__Goal of the exercise__
Nothing but the lines from the one containing "Students gathered on" through the one containing "This Month IFLA-Africa News comes from", both included, should be given again, each exactly as written below.

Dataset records

+++

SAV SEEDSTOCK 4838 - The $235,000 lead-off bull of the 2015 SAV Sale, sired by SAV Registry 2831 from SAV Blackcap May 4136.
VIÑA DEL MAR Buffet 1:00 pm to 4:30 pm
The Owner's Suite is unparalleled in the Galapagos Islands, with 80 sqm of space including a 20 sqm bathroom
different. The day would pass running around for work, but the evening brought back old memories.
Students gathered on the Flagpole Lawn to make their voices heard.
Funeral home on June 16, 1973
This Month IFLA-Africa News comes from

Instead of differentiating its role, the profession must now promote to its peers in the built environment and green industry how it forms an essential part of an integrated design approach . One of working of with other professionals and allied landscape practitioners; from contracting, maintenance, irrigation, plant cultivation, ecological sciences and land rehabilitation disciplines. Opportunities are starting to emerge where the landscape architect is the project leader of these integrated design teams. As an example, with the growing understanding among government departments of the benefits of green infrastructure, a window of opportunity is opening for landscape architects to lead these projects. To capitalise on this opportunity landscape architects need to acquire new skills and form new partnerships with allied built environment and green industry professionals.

+++

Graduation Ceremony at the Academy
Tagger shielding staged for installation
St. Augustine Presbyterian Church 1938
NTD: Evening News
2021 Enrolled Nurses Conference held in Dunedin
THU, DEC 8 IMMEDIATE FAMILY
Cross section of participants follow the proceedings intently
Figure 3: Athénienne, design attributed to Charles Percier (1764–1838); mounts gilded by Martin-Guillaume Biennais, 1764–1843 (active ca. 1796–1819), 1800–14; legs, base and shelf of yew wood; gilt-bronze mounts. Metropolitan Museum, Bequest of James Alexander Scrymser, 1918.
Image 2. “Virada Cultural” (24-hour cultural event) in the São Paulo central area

+++

__Exercise result__
Students gathered on the Flagpole Lawn to make their voices heard.
Funeral home on June 16, 1973
This Month IFLA-Africa News comes from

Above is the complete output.